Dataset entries
.....

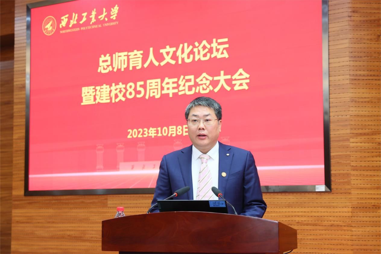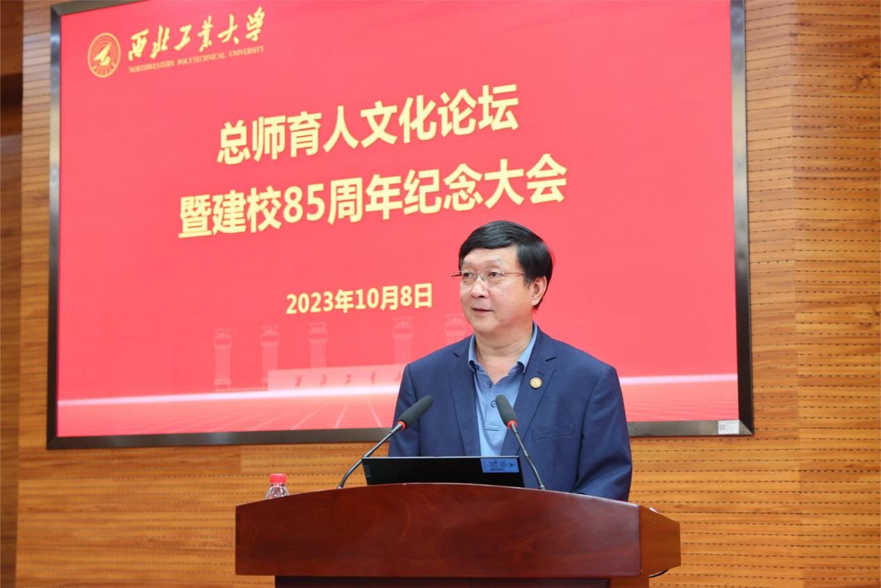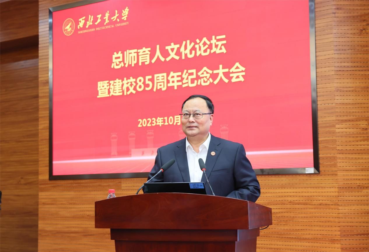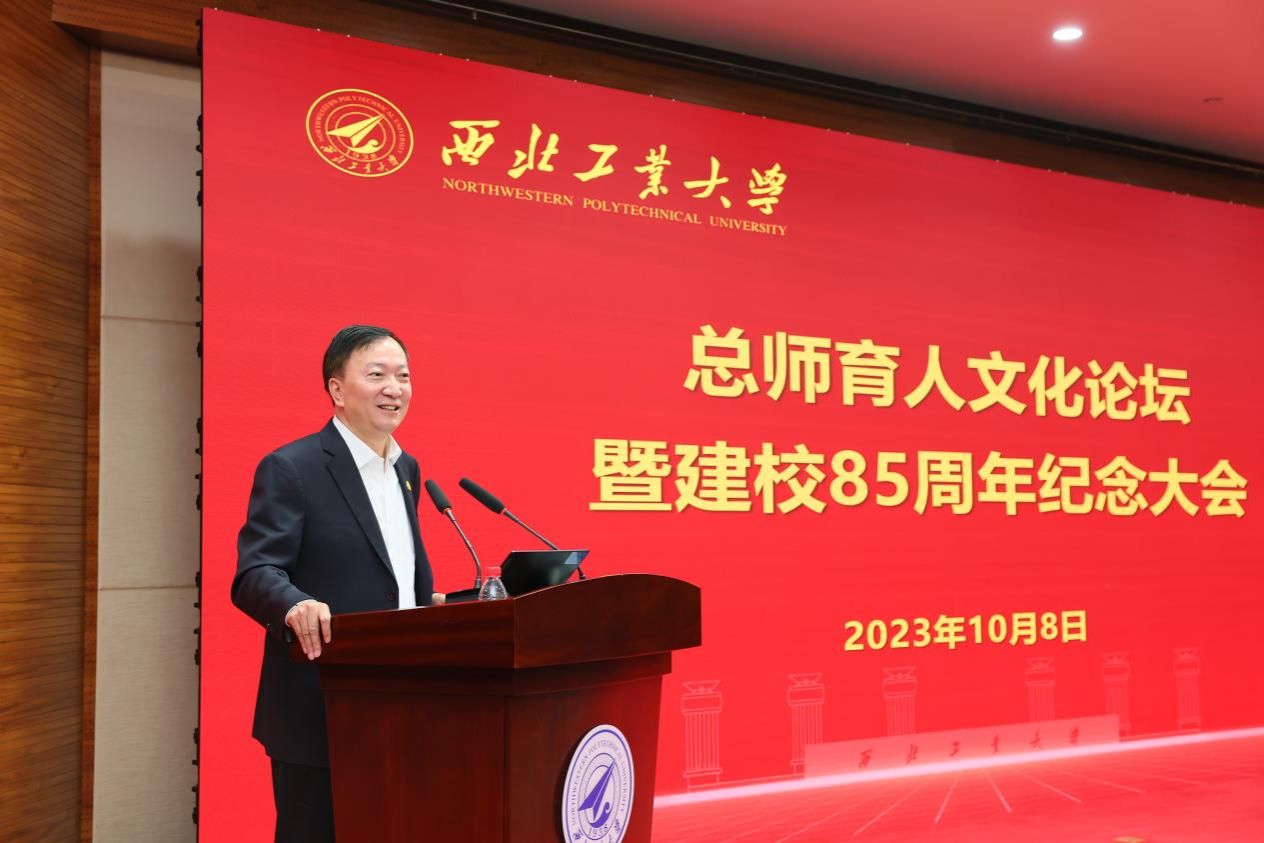 杨伟在主题演讲中表示,西工大是开启自己航空梦的地方,更是锤炼自身品格的地方。85年春华秋实,85载风雨兼程,值此母校85岁华诞之际,他谈了三点体会:一是“为党育人、为国育才”是“西工大现象”的根基。85年来,西工大与国家和民族的命运同呼吸、共患难、共发展,始终以“低调务实不张扬,埋头苦干敢担当”的实际行动育人育才、创新发展,为国家国防事业作出了重要贡献。二是“既注重理论,又注重应用”是“西工大现象”的根源。学校“工科为本、三航当家、信息赋能、融合强校”的科研发展思路,将更加培养和激励一代又一代工大学子理用结合、务实创新。三是“既传授知识、更培养方法”是“西工大现象”的根本。学校在传授知识的同时,更培养了学习新知识、应用新知识的习惯,培养出一批视野宽、基础厚、专业精、思维新、创新强的高层次人才。他建议,学校要继续有组织地推进与“三航”领域院所开展深度合作,要大力推进国家卓越工程师学院的人才试点合作。
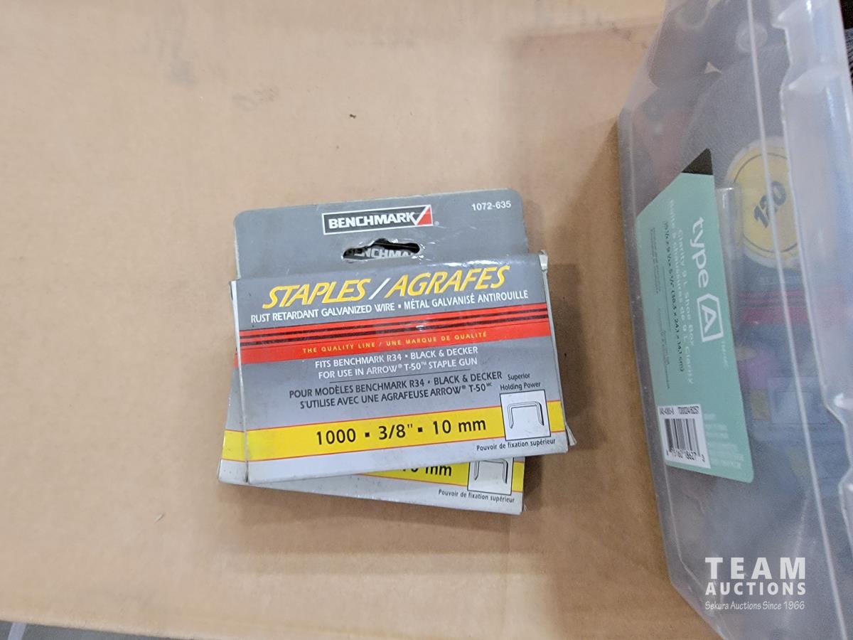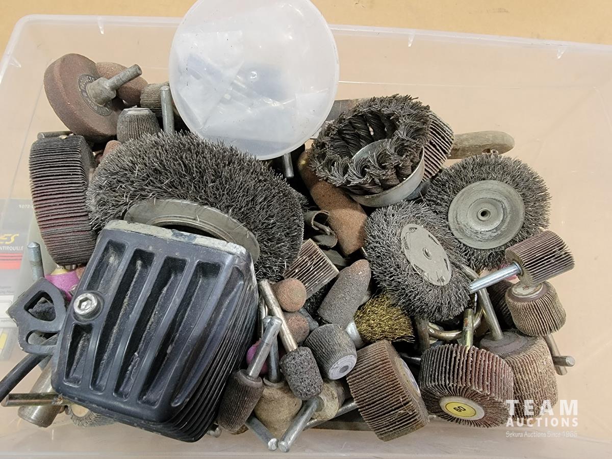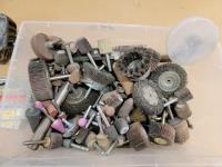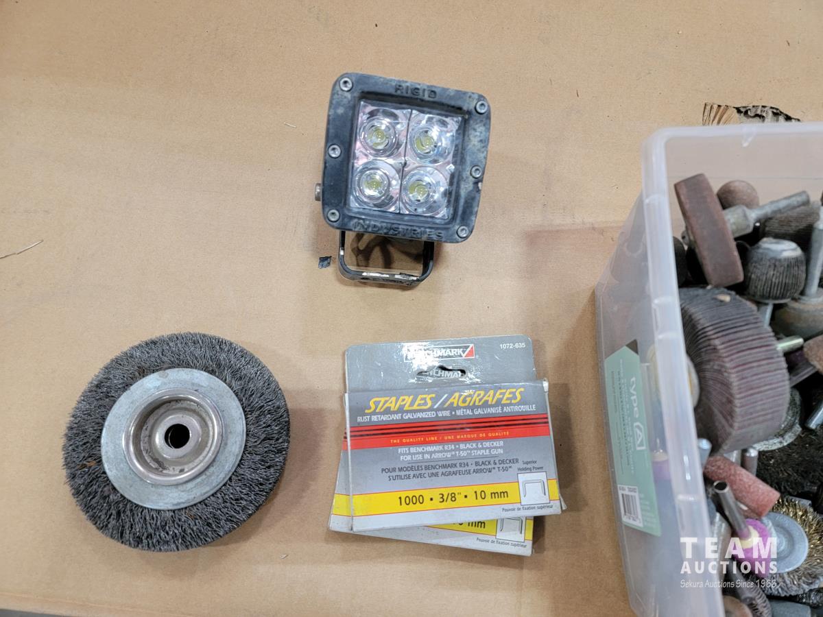 Wire wheel brushes, (2) cordless drills, clamps, staples
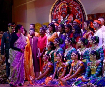The President, Ram Nath Kovind with the artistes who had participated in the 69th Republic Day Parade, at Rashtrapati Bhavan, in New Delhi on January 27, 2018. The Union Minister for Tribal Affairs, Jual Oram and the Ministers of State for Tribal Affairs, Sudarshan Bhagat and Jaswantsinh Sumanbhai Bhabhor are also seen.
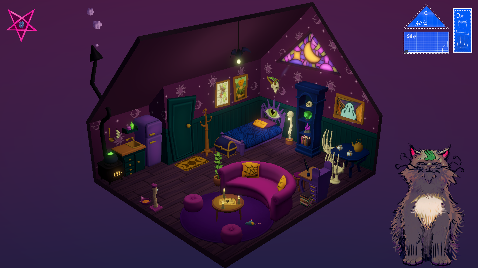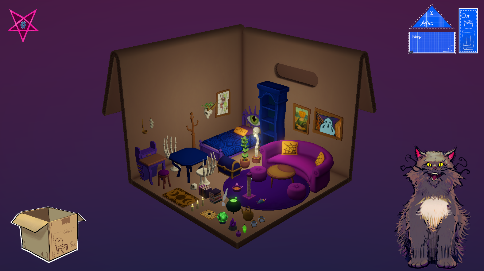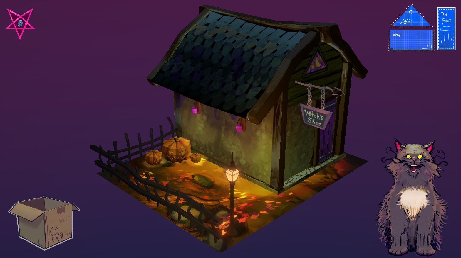 It's a fresh start at a new town for this Witch! Set up a magic shop: unpack moving boxes and decorate with all things creepy and cozy - in the company of your new (and rather fluffy) landlord...
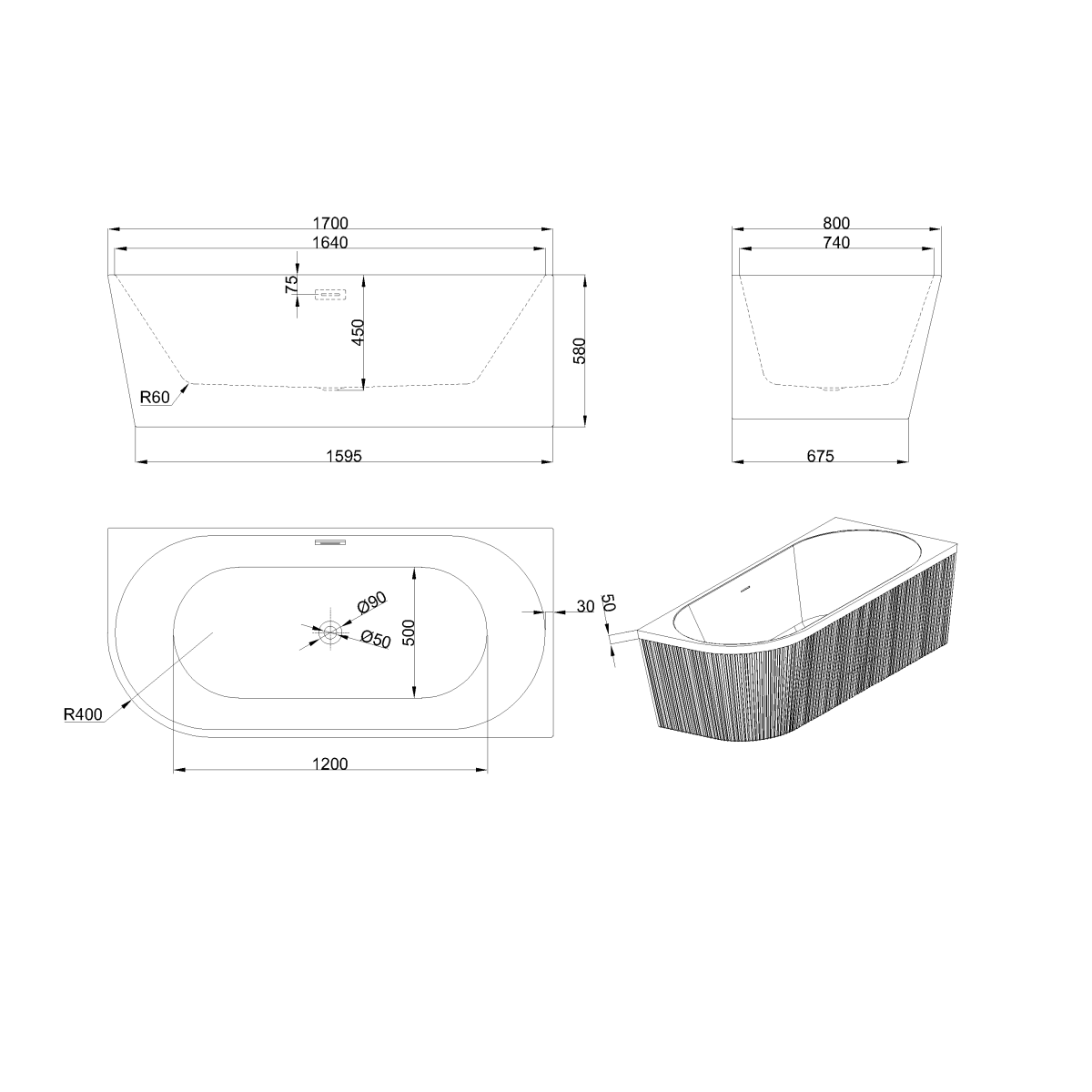 INVENA GLAMOUR wanna wolnostojąca przyścienna prawa 170x80 cm biała ryflowana
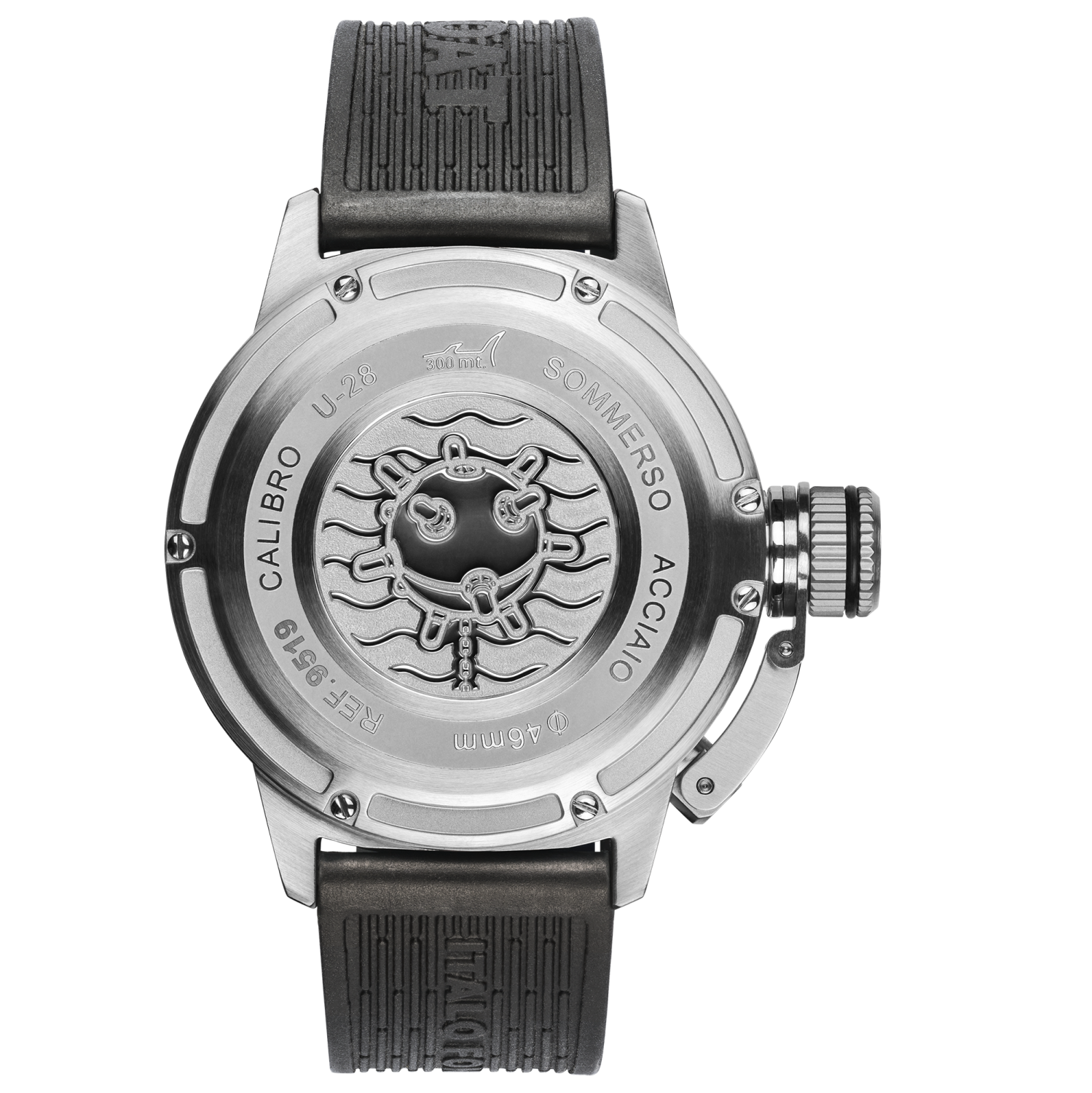 meccanica svizzera a carica automatica Sellita SW 200 con modifiche tecniche su specifiche U-BOAT. Frequenza 28.800 alternanze/ora. Riserva di carica: 41 ore. 26 rubini. Rotore scheletrato.

.....

▶ **Task item**: From the line containing "Wire wheel brushes, (2)" through the line containing "INVENA GLAMOUR wanna", copy every line above exactly, without pictures.

▶ **Written solution**:
 Wire wheel brushes, (2) cordless drills, clamps, staples
The President, Ram Nath Kovind with the artistes who had participated in the 69th Republic Day Parade, at Rashtrapati Bhavan, in New Delhi on January 27, 2018. The Union Minister for Tribal Affairs, Jual Oram and the Ministers of State for Tribal Affairs, Sudarshan Bhagat and Jaswantsinh Sumanbhai Bhabhor are also seen.
 It's a fresh start at a new town for this Witch! Set up a magic shop: unpack moving boxes and decorate with all things creepy and cozy - in the company of your new (and rather fluffy) landlord...
 INVENA GLAMOUR wanna wolnostojąca przyścienna prawa 170x80 cm biała ryflowana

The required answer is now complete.